START Data section

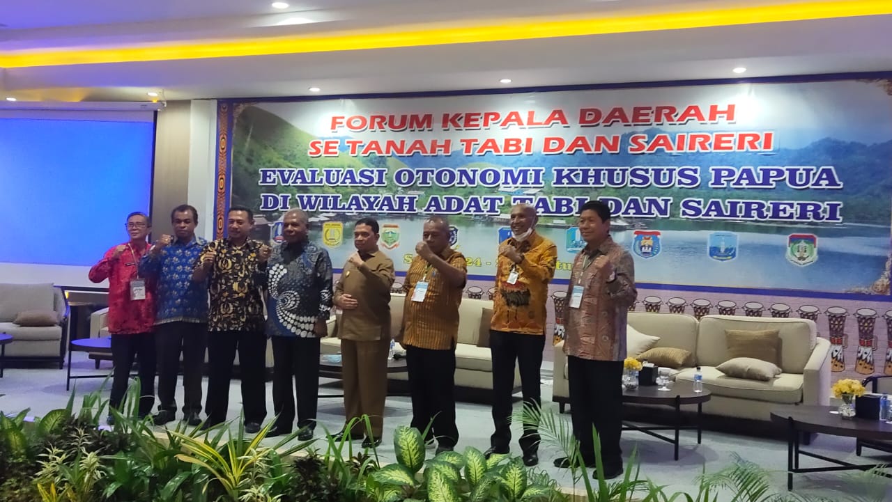 "Kegiatan evaluasi Otsus yang dilakukan ini bertujuan supaya memperoleh catatan secara komprehensif dari pemerintah daerah kabupaten/kota yang tergabung dalam Forum Kepala Daerah Tabi dan Saireri mengenai implementasi otonomi Khusus Papua tingkat kabupaten/kota pada aspek aktualisasi kewenangan pada urusan-urusan pemerintahan yang penting dan strategis bagi kerangka otonomi khusus yang diterima oleh Pemerintah daerah Kabupaten atau Kota,” pungkasnya.
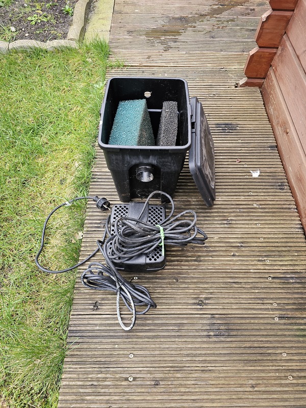Wegen Teich Aufgabe wird nur alles zusammen verkaufen, ein PE Teichbecken ca. 500 bis 600 Liter Becken, 4 bis 5 Goldfische, 2 x Filter Oase, ein Sauerstoff Sprudeler Oase, 4 Deko Unterwasser Artikel, 2x Teich Fangnetze und ein Teichsauger , Goldfische. Preis: 255 Euro V.B.
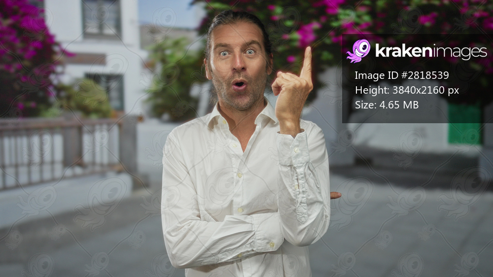 Blond man with long hair stands before vibrant bougainvillea on a sunlit street and points finger upward; idea.
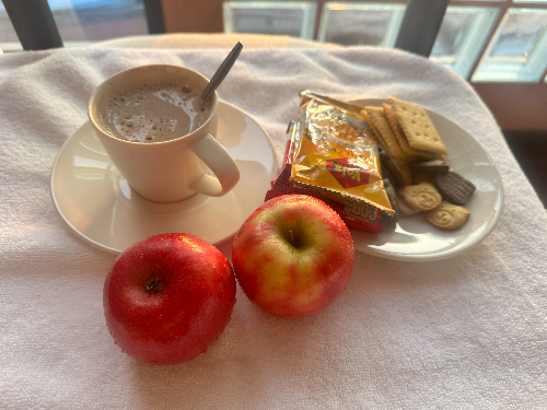 해당 호텔에선 조식을 따로 제공해주진 않고 1층에 카페 같은 공간에서 과일, 주스, 우유, 시리얼, 커피 등이 준비되어 있어서 무료로 즐길 수 있다.(제공되는 사과가 너무 맛있어서 자주 먹었다ㅎㅎ) 호텔 프런트 직원들도 친절했다. 체크인 시간보다 이른 시간에 갔음에도 짐을 맡아주면서 체크인 시간보다 좀 더 일찍 들어갈 수 있게 안내해 주었다.
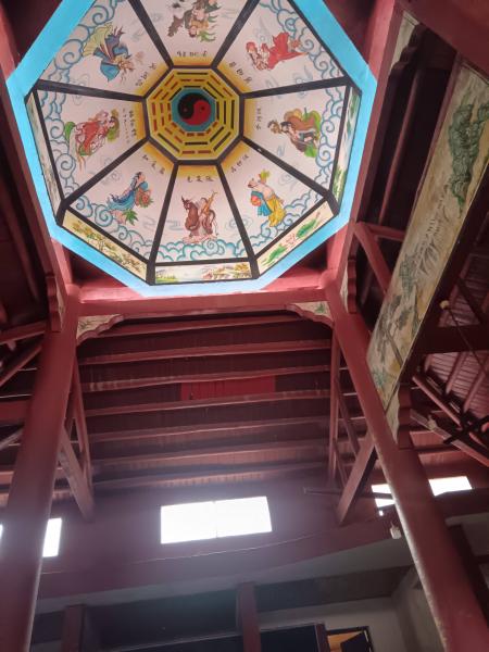 中午十二点半来到金源村白烟组,太阳下屋前路餐,开题人催我们快点,然后左边上个小坡,这成了我今天唯一集体爬山坡,很快就到了柿子树对面。他们走大路的拐个弯早到那里,没有画面中的橙黄橘绿,一片枯死,不是柿子掉落,而是去年结多了,今年休息,没有结果。不到黄河心不死,到了会怎样?摘果神器今年无用武之地,不给机会,那就收好,来年继续。有人快速前进,余下13公里多到金阳,原路返回约6公里,我们又分两路,四人慢悠悠去参观保民山寺庙
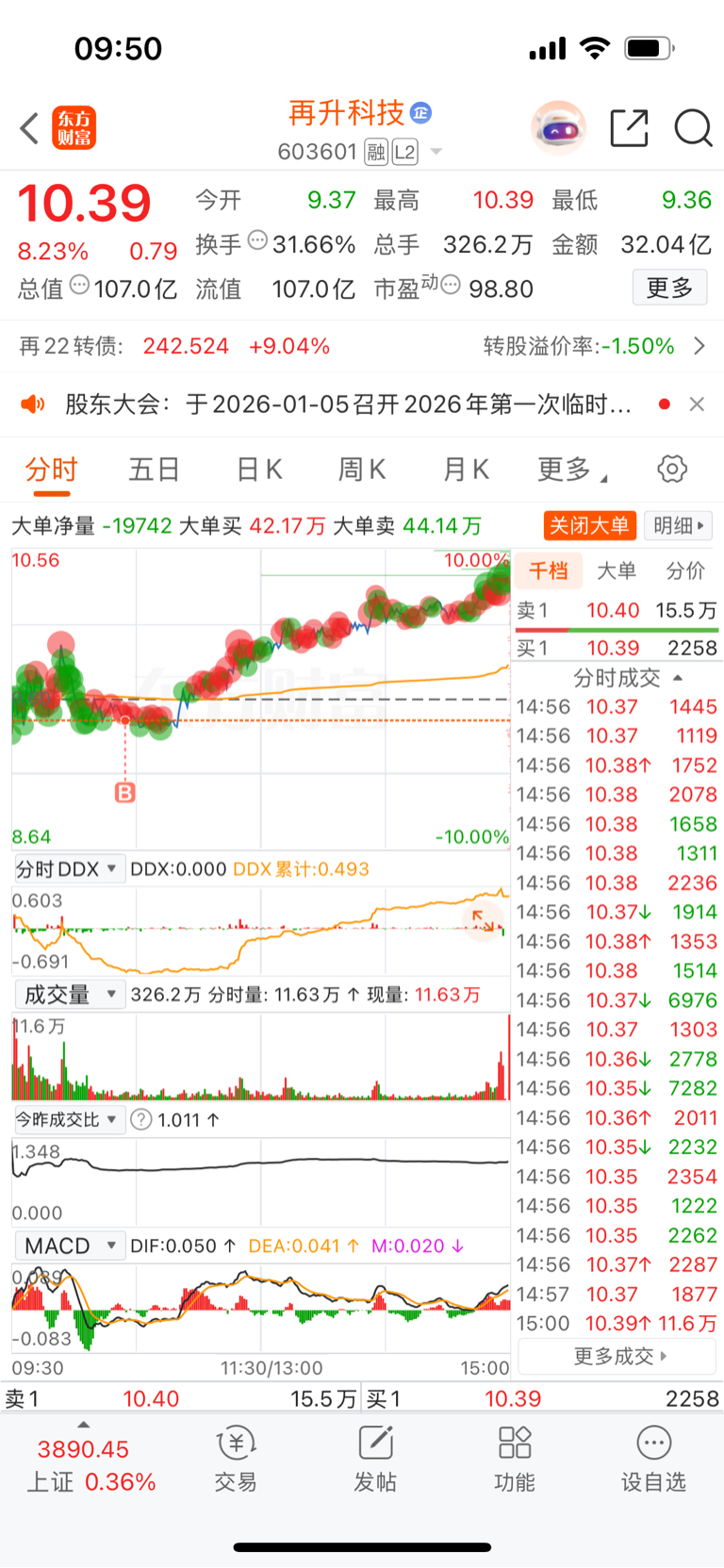 $再升科技(SH603601)$ 虽然在平潭吃了一字断魂刀,但是在再升吃了一个涨停,水下接近两个点来的,好些再升帮我回血,要不平潭能让我崩溃哭
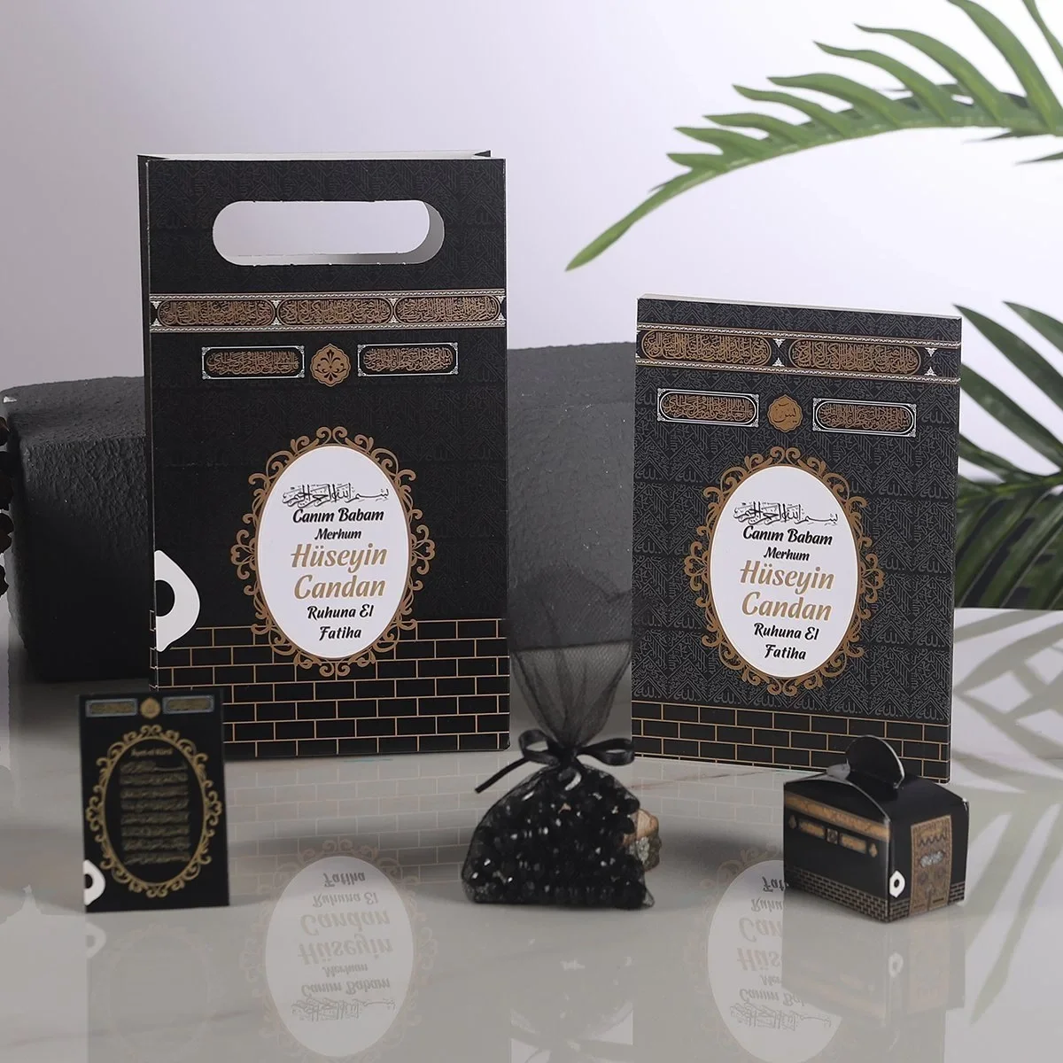 Kabe Model Siyah Renkli Yasin Kitabı, Lokum Kutusu, Magnet, Karton Çanta ve Tesbih - Mevlüt Hediyelikleri
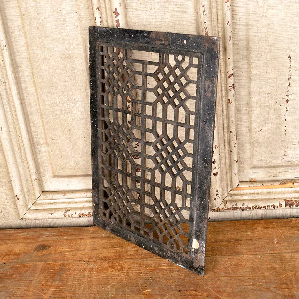 Architectural salvage antique cast iron heat grate floor vent cover measuring approx. 8" x 12" (insert dimensions) and 9 3/4" x 13 5/8" (overall dimensions). There are no louvers with this heat grate. See photos to evaluate condition.
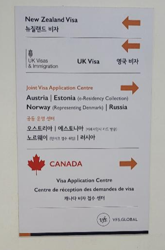 저번 #5 바이오메트릭 예약에서 예약한 날짜에 비자 센터를 방문하였습니다. 늦게 도착하면 해주지 않는다는 이야기를 본 것 같아서 서둘러갔습니다. 딱히 늦었다고 돌려보내는 분위기는 아니었습니다. 비자 센터에 도착해서 캐나다 비자 접수 센터인 오른쪽 사무실로 들어가면 됩니다. 제가 평일 오후 시간에 도착했을 때에는 약 6~7명 정도 대기하고 있었습니다.
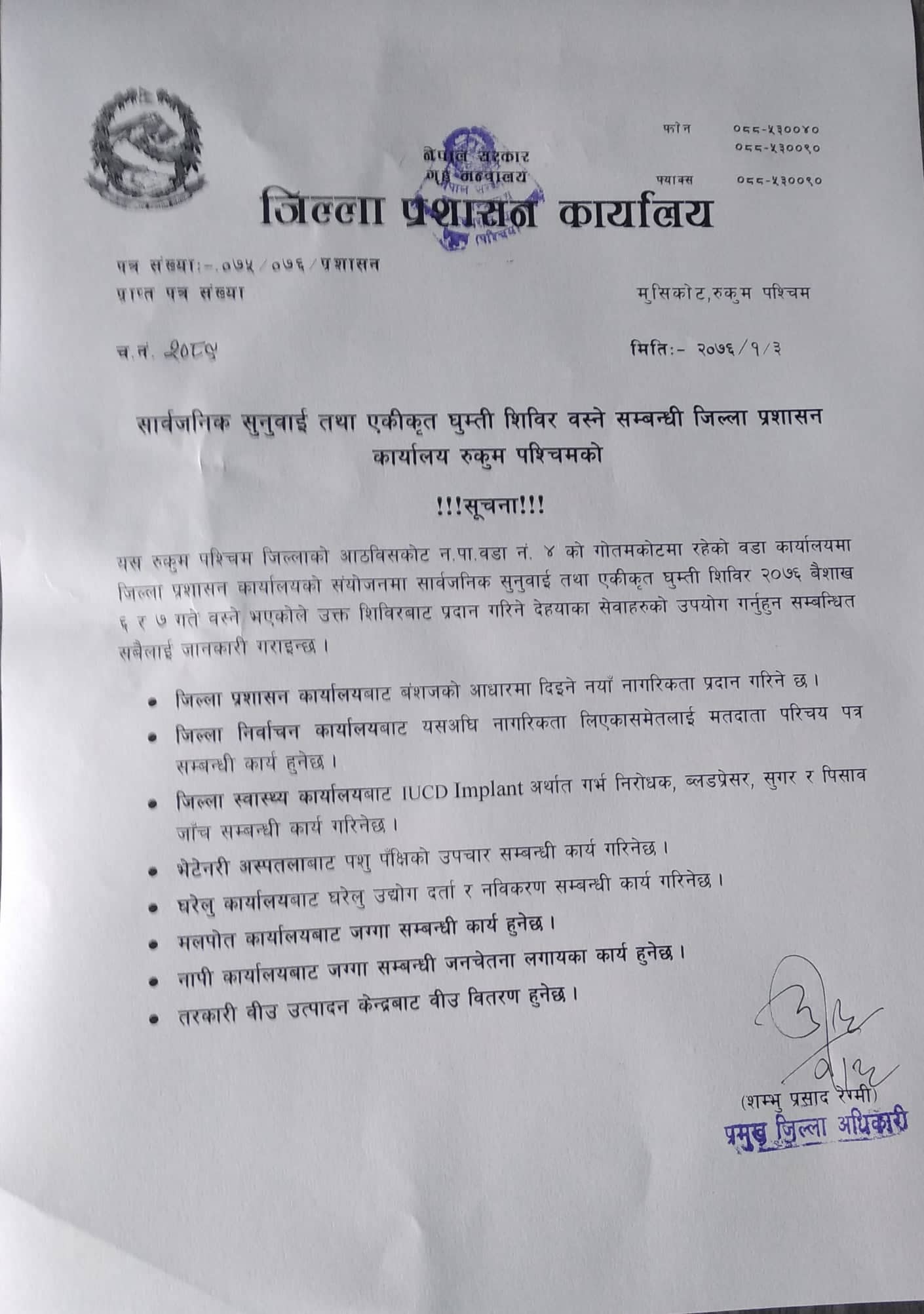 सार्वजनिक सुनुवाइ तथा घुम्तीशिविर (गाेतामकाेटमा )सञ्चालन सम्बन्धी सूचना
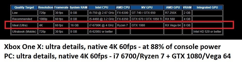 “You need a faster CPU if you want have stable 60fps like on Xbox X.”
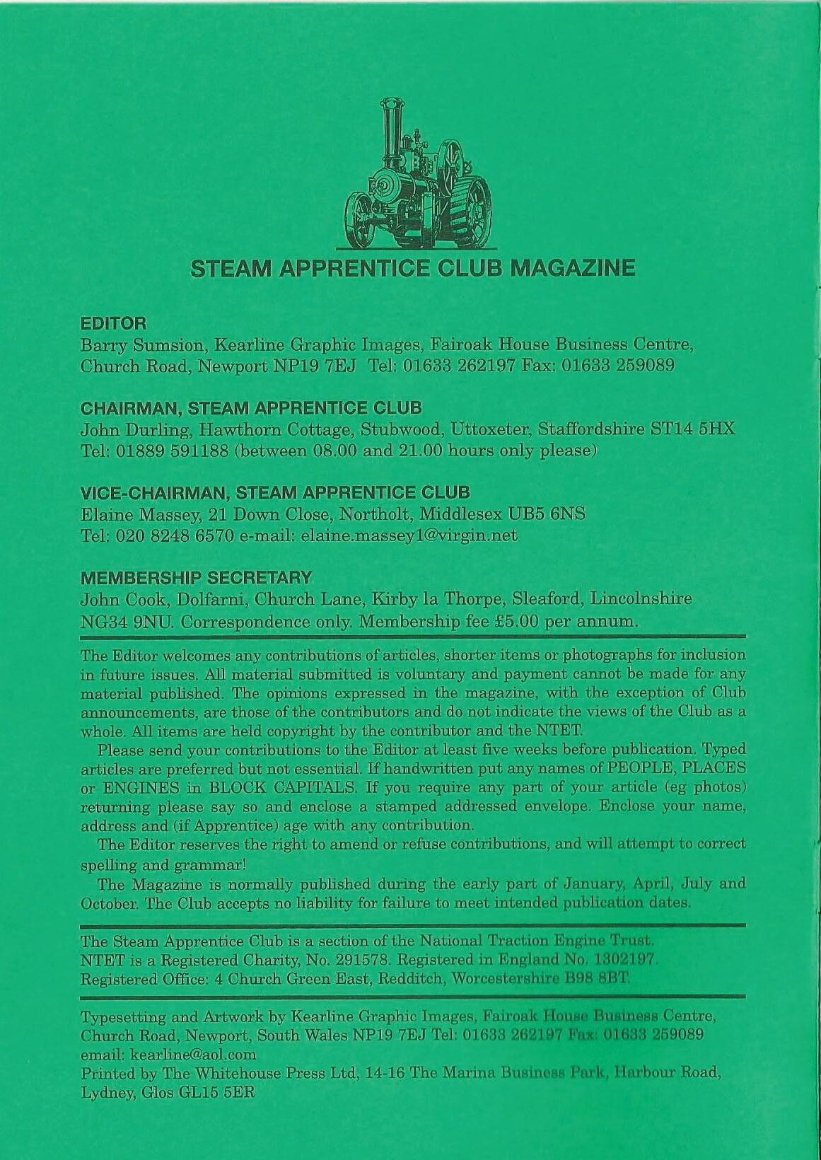 The Stearn Appr.entice Club li.sa section of the National Ti·action Engine rrrust, NTET is a Registered Char.ity, No. 291578. Registered in England No, 13021H7. Registered Office: 4 Chw:ch Gre-eR!Eas't,Reddii.tch,WorcestershU'e B98 8BT.

END Data section

What is required: Repeat each record as given. No picture belongs in the copy.

Exercise response:
 "Kegiatan evaluasi Otsus yang dilakukan ini bertujuan supaya memperoleh catatan secara komprehensif dari pemerintah daerah kabupaten/kota yang tergabung dalam Forum Kepala Daerah Tabi dan Saireri mengenai implementasi otonomi Khusus Papua tingkat kabupaten/kota pada aspek aktualisasi kewenangan pada urusan-urusan pemerintahan yang penting dan strategis bagi kerangka otonomi khusus yang diterima oleh Pemerintah daerah Kabupaten atau Kota,” pungkasnya.
Wegen Teich Aufgabe wird nur alles zusammen verkaufen, ein PE Teichbecken ca. 500 bis 600 Liter Becken, 4 bis 5 Goldfische, 2 x Filter Oase, ein Sauerstoff Sprudeler Oase, 4 Deko Unterwasser Artikel, 2x Teich Fangnetze und ein Teichsauger , Goldfische. Preis: 255 Euro V.B.
 Blond man with long hair stands before vibrant bougainvillea on a sunlit street and points finger upward; idea.
 해당 호텔에선 조식을 따로 제공해주진 않고 1층에 카페 같은 공간에서 과일, 주스, 우유, 시리얼, 커피 등이 준비되어 있어서 무료로 즐길 수 있다.(제공되는 사과가 너무 맛있어서 자주 먹었다ㅎㅎ) 호텔 프런트 직원들도 친절했다. 체크인 시간보다 이른 시간에 갔음에도 짐을 맡아주면서 체크인 시간보다 좀 더 일찍 들어갈 수 있게 안내해 주었다.
 中午十二点半来到金源村白烟组,太阳下屋前路餐,开题人催我们快点,然后左边上个小坡,这成了我今天唯一集体爬山坡,很快就到了柿子树对面。他们走大路的拐个弯早到那里,没有画面中的橙黄橘绿,一片枯死,不是柿子掉落,而是去年结多了,今年休息,没有结果。不到黄河心不死,到了会怎样?摘果神器今年无用武之地,不给机会,那就收好,来年继续。有人快速前进,余下13公里多到金阳,原路返回约6公里,我们又分两路,四人慢悠悠去参观保民山寺庙
 $再升科技(SH603601)$ 虽然在平潭吃了一字断魂刀,但是在再升吃了一个涨停,水下接近两个点来的,好些再升帮我回血,要不平潭能让我崩溃哭
 Kabe Model Siyah Renkli Yasin Kitabı, Lokum Kutusu, Magnet, Karton Çanta ve Tesbih - Mevlüt Hediyelikleri
 Architectural salvage antique cast iron heat grate floor vent cover measuring approx. 8" x 12" (insert dimensions) and 9 3/4" x 13 5/8" (overall dimensions). There are no louvers with this heat grate. See photos to evaluate condition.
 저번 #5 바이오메트릭 예약에서 예약한 날짜에 비자 센터를 방문하였습니다. 늦게 도착하면 해주지 않는다는 이야기를 본 것 같아서 서둘러갔습니다. 딱히 늦었다고 돌려보내는 분위기는 아니었습니다. 비자 센터에 도착해서 캐나다 비자 접수 센터인 오른쪽 사무실로 들어가면 됩니다. 제가 평일 오후 시간에 도착했을 때에는 약 6~7명 정도 대기하고 있었습니다.
 सार्वजनिक सुनुवाइ तथा घुम्तीशिविर (गाेतामकाेटमा )सञ्चालन सम्बन्धी सूचना
 “You need a faster CPU if you want have stable 60fps like on Xbox X.”
 The Stearn Appr.entice Club li.sa section of the National Ti·action Engine rrrust, NTET is a Registered Char.ity, No. 291578. Registered in England No, 13021H7. Registered Office: 4 Chw:ch Gre-eR!Eas't,Reddii.tch,WorcestershU'e B98 8BT.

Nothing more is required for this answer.